Number of the dog family: 189


Ahhh, we now have 189 dogs instead of 18!

In [8]:
print(dog_family[170:])

[Synset('collie.n.01'), Synset('german_shepherd.n.01'), Synset('kelpie.n.02'), Synset('komondor.n.01'), Synset('old_english_sheepdog.n.01'), Synset('rottweiler.n.01'), Synset('shetland_sheepdog.n.01'), Synset('groenendael.n.01'), Synset('malinois.n.01'), Synset('malamute.n.01'), Synset('siberian_husky.n.01'), Synset('attack_dog.n.01'), Synset('housedog.n.01'), Synset('kuvasz.n.01'), Synset('pinscher.n.01'), Synset('schipperke.n.01'), Synset('affenpinscher.n.01'), Synset('doberman.n.01'), Synset('miniature_pinscher.n.01')]


A function such as the one above can be very handy to use in many programs. Note that the above function gives you the total set of synsets.
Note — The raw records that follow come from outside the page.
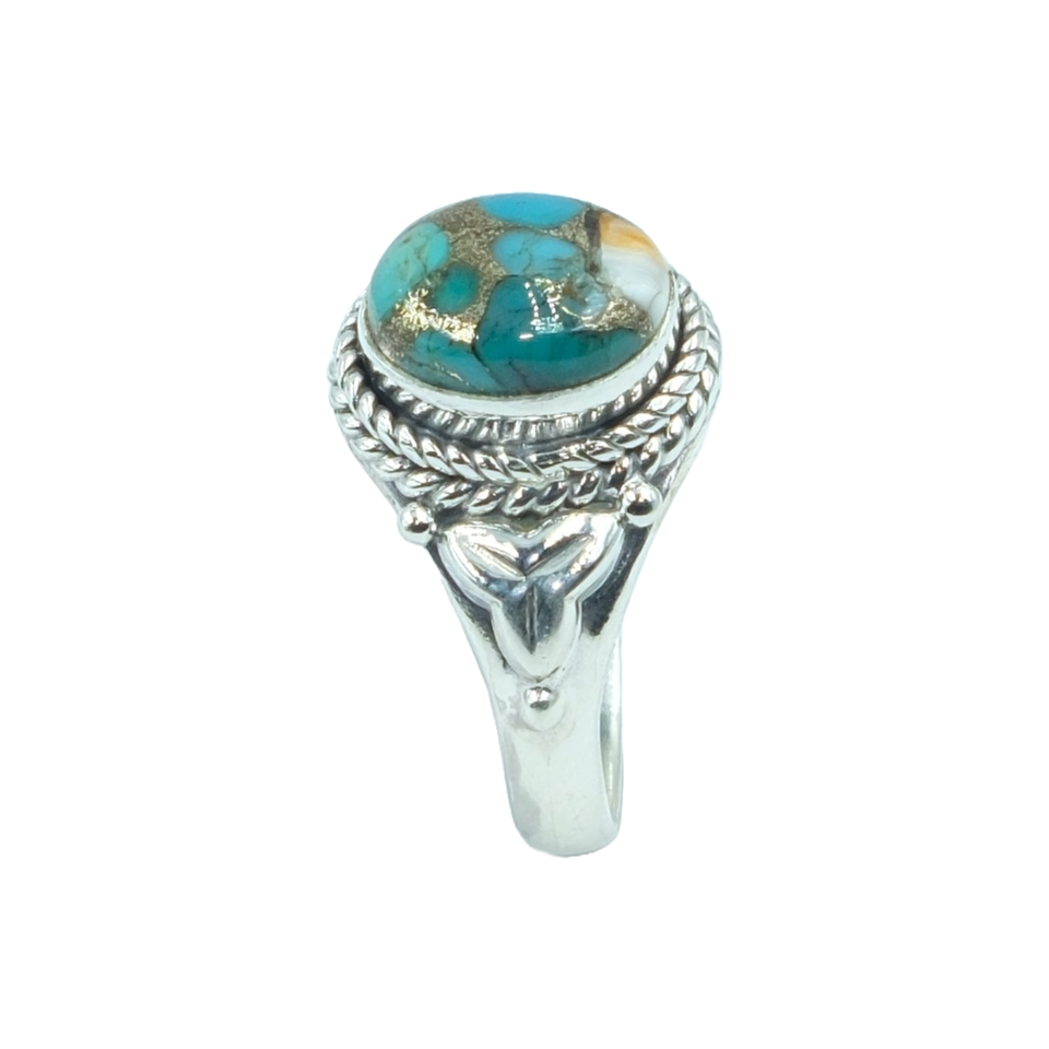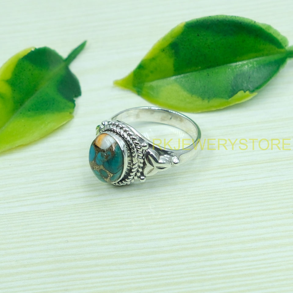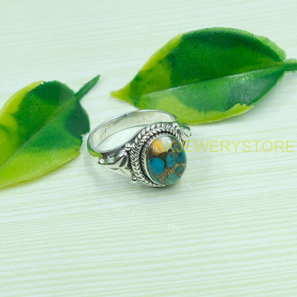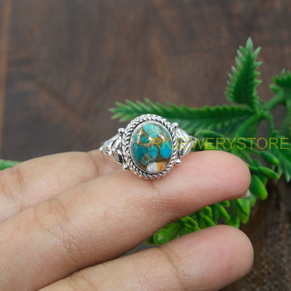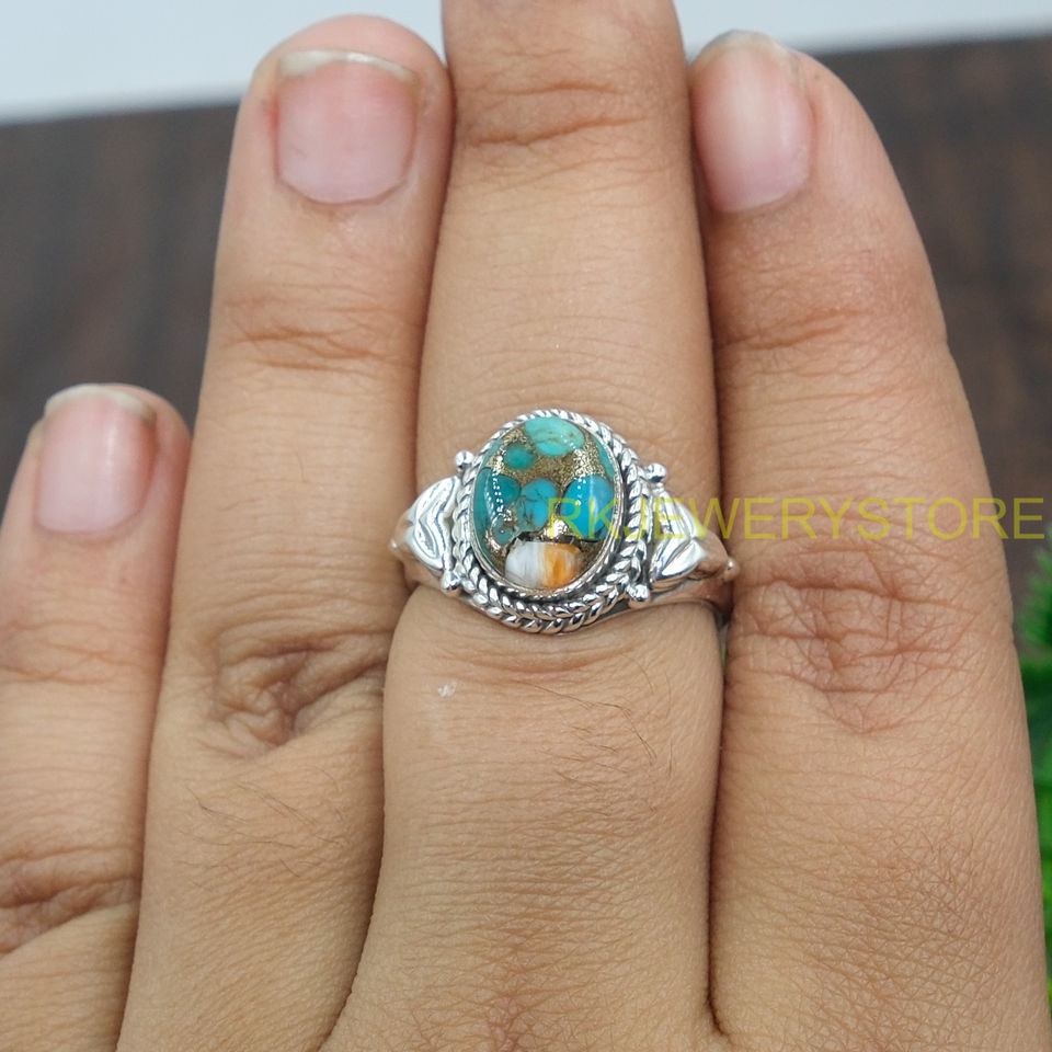 แหวนมุกสีฟ้าเทอร์ควอยซ์ แหวนเงินแท้ 925 แหวนทำมือ ดีไซน์ไม่ซ้ำใคร แหวนประดับอัญมณี เครื่องประดับเทอร์ควอยซ์ ของขวัญ
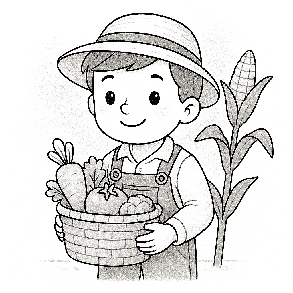 Junger Bauer mit Gemüse - Malvorlage zum Ausdrucken und Ausmalen » Zumipic | Zumipic
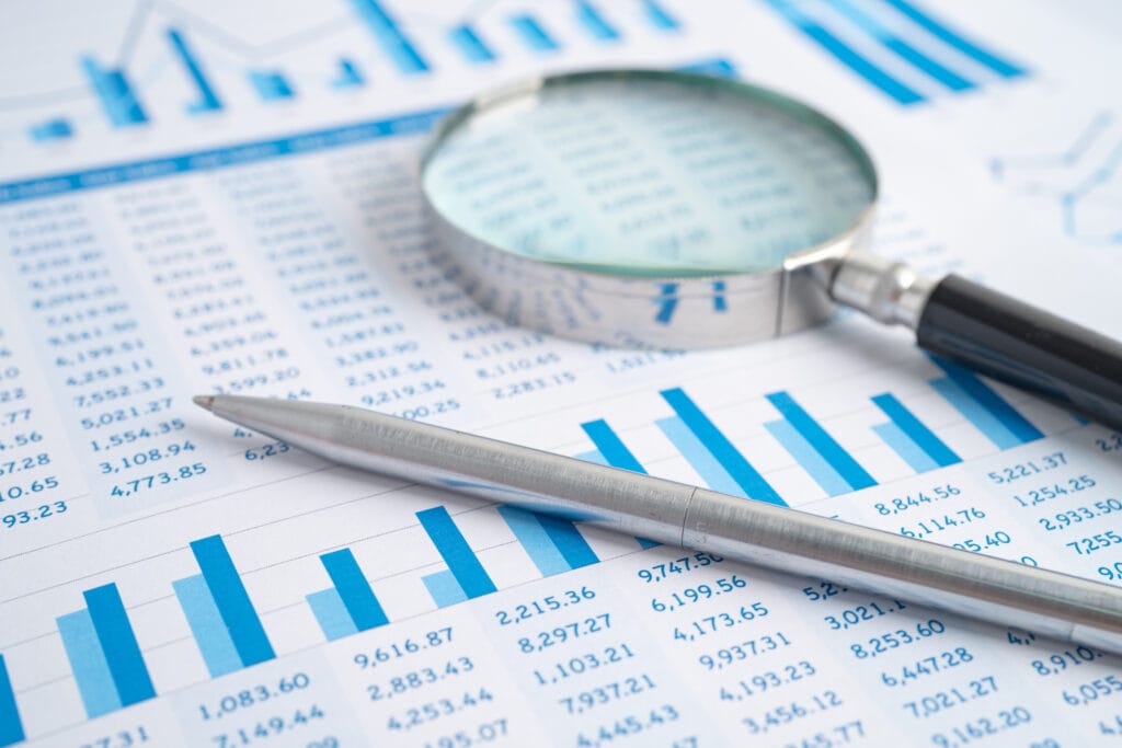 Magnifying glass on charts graphs paper. Financial development, Banking Account, Statistics, Investment Analytic research data economy, Stock exchange trading, Business office company meeting concept.
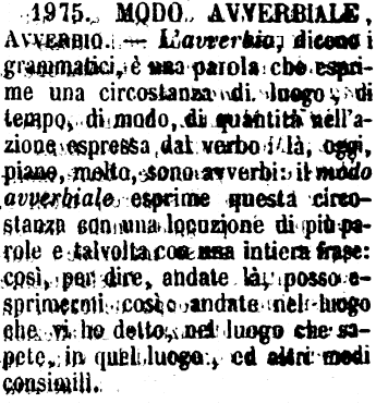 Modo Avverbiale, Avverbio - L'avverbio, dicono i grammatici, è una parola che esprime una circostanza di luogo, di tempo, di modo, di quantità nell'azione espressa dal verbo: là, oggi, piano, molto, sono avverbi: il modo avverbiale esprime questa circostanza con una locuzione di più parole e talvolta con una intiera frase: così, per dire, andate là, posso esprimermi così: andate nel luogo che vi ho detto, nel luogo che sapete, in quel luogo, ed altri modi consimili. [immagine]
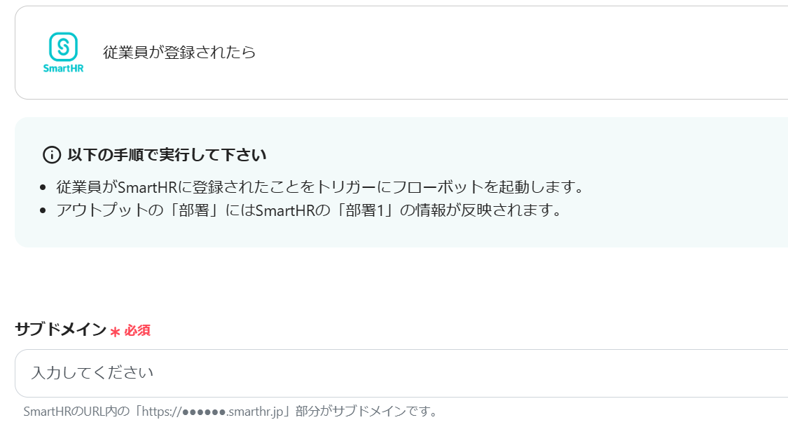 マイアプリ登録が完了したら、「SmartHRで従業員が登録されたらDropboxに従業員毎のフォルダを作成する」フローボットを作成していきます。
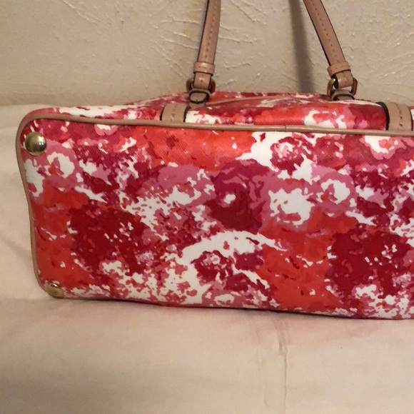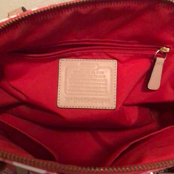 Gorgeous Coach bag, leather trim, removable crossbody handle, key fob, 3 inside pockets 1 outside pocket.
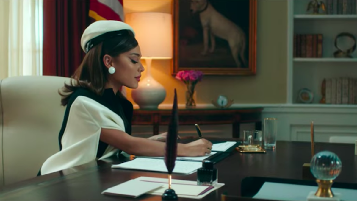 Ariana has been very vocal about encouraging her fans to vote in the upcoming election, so taking over the White House in her "positions" visual is very fitting. Directed by Dave Meyers, fans can see Grande juggle different "positions" as she takes on being President, and being able to whip up a good meal among other things.
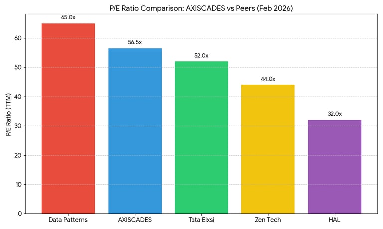 The chart highlights that AXISCADES is currently trading at a significant premium compared to traditional defense giants like HAL and even pure-play ER&D firms like Tata Elxsi.
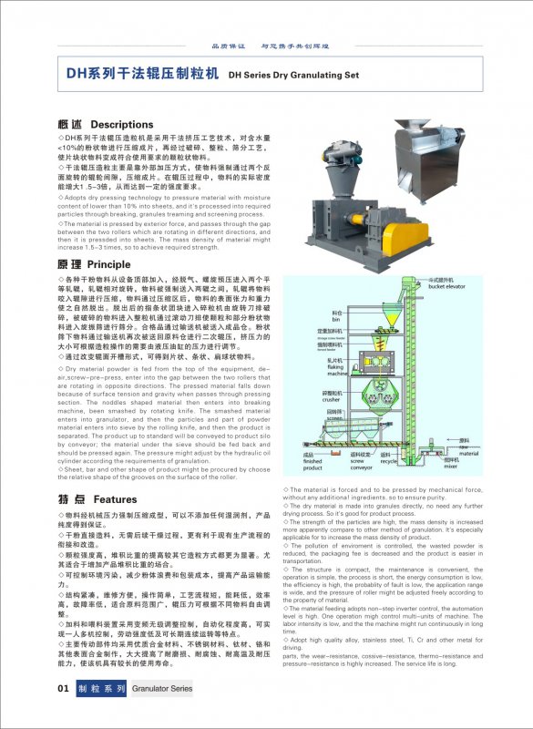 DH系列干法輥壓造粒機(jī)是采用干法擠壓技術(shù), 對(duì)含水量<2%的粉狀物進(jìn)行壓縮成片, 再經(jīng)過(guò)破碎、 整粒、 篩分工藝, 使片塊狀物料變成符合使用要求的顆粒狀物料。
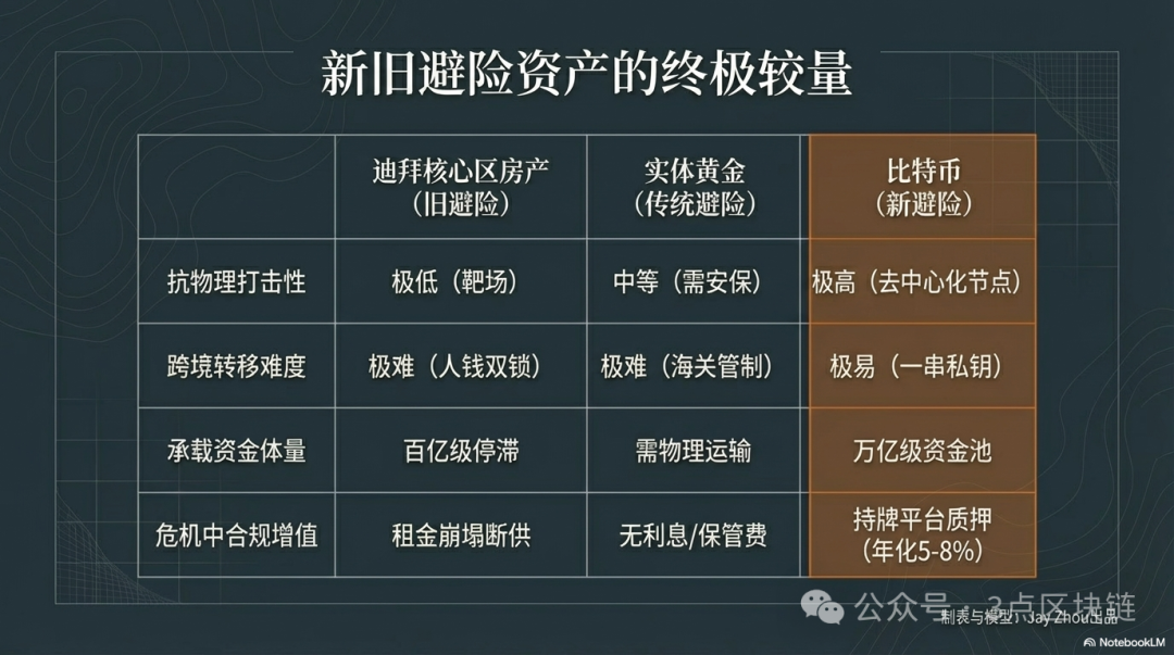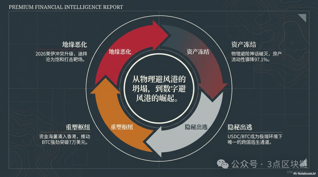 2026年美伊冲突引发的迪拜局势恶化,不仅击碎了迪拜的“安全神话”与“房产神话”,更重塑了全球资产配置的逻辑——在极端地缘风险面前,传统的不动产避险资产不再可靠,去中心化、高流动性、合规化的数字资产,以及安全、合规的全球金融枢纽,成为全球资本的首选避险选项。
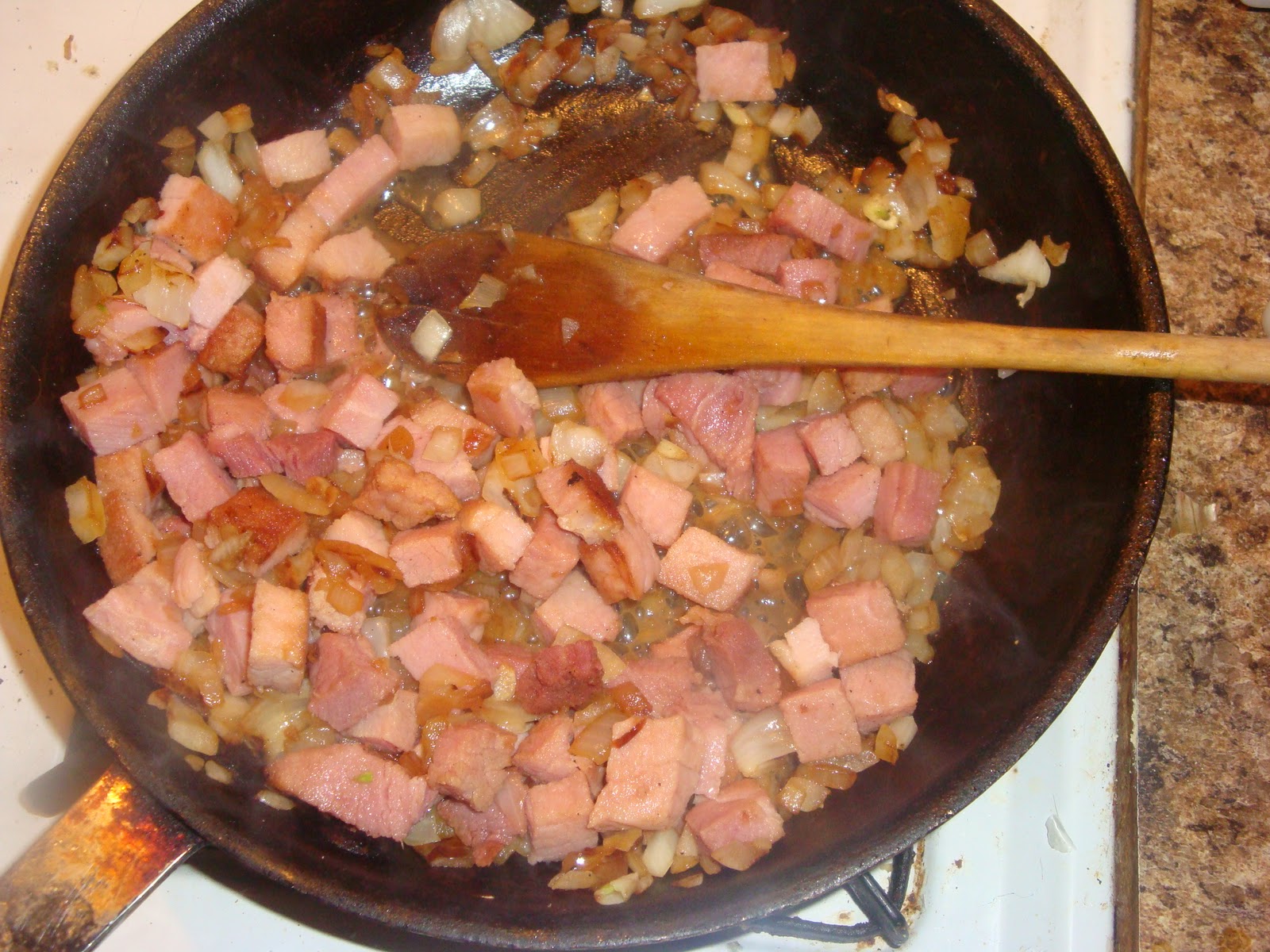 So here’s how it goes down. In a sprayed pan, you want to get your onions and garlic “sweating.” Once they’ve got some good color to them, add that ham in. A word about the ham. It’s completely up to you whether to use pork or something leaner like turkey ham. I’m a bit of a purist so I use pork but I cut it from a ham steak. Why? Because the fat is more easily visible and you can trim it, whereas if you use a ham bone, you can’t extract the fat as easily. Excessive amounts of animal fat makes me queasy. Your mileage may vary.

A synset is a NLTK WordNet object and has many properties among which the actual synonyms.

Let's make another function that just gets the synonyms from all these synsets. This function iterates over all the synsets in the "family", gets the Wordnet Lemma objects and finally gets the lemmas for these. We add a parameter to specify the language for the synonyms.

In [9]:
def get_lemmas_from_wordnet_family(wnfamily, language):
    lemmas = []
    for synset in wnfamily:
        slemmas = synset.lemma_names(language)
        for slemma in slemmas:
            lemmas.append(slemma)
    return lemmas

In [10]:
### Get the words for dogs in English at any level of specificity
dog_lemmas = get_lemmas_from_wordnet_family(dog_family, 'eng')
print('There are so many dogs in WordNet:', len(dog_lemmas))
print(dog_lemmas)

There are so many dogs in WordNet: 279
['basenji', 'corgi', 'Welsh_corgi', 'cur', 'mongrel', 'mutt', 'dalmatian', 'coach_dog', 'carriage_dog', 'Great_Pyrenees', 'griffon', 'Brussels_griffon', 'Belgian_griffon', 'hunting_dog', 'lapdog', 'Leonberg', 'Mexican_hairless', 'Newfoundland', 'Newfoundland_dog', 'pooch', 'doggie', 'doggy', 'barker', 'bow-wow', 'poodle', 'poodle_dog', 'pug', 'pug-dog', 'puppy', 'spitz', 'toy_dog', 'toy', 'working_dog', 'Cardigan', 'Cardigan_Welsh_corgi', 'Pembroke', 'Pembroke_Welsh_corgi', 'feist', 'fice', 'pariah_dog', 'pye-dog', 'pie-dog', 'liver-spotted_dalmatian', 'Brabancon_griffon', 'courser', 'dachshund', 'dachsie', 'badger_dog', 'hound', 'hound_dog', 'Rhodesian_ridgeback', 'sporting_dog', 'gun_dog', 'terrier', 'sausage_dog', 'sausage_hound', 'Afghan_hound', 'Afghan', 'basset', 'basset_hound', 'beagle', 'bloodhound', 'sleuthhound', 'bluetick', 'boarhound', 'coonhound', 'foxhound', 'greyhound', 'harrier', 'Ibizan_hound', 'Ibizan_Podenco', 'Norwegian_elkhoun

## Wordnet Similarity

The structure of wordnet as a graph can be used to measure the similarity across concepts. The basic idea is that concepts can be connected by going up and down through the relations. By counting the steps, we can measure the distance between for example **car**, **train**, **man**, **woman**. In the image below, we can infer that "train#1" and "bus#1" are similar because they share the same hypernym "public_transport", but to get to e.g. "knowledge" requires many steps through the graph which makes "knowledge" very dissimilar.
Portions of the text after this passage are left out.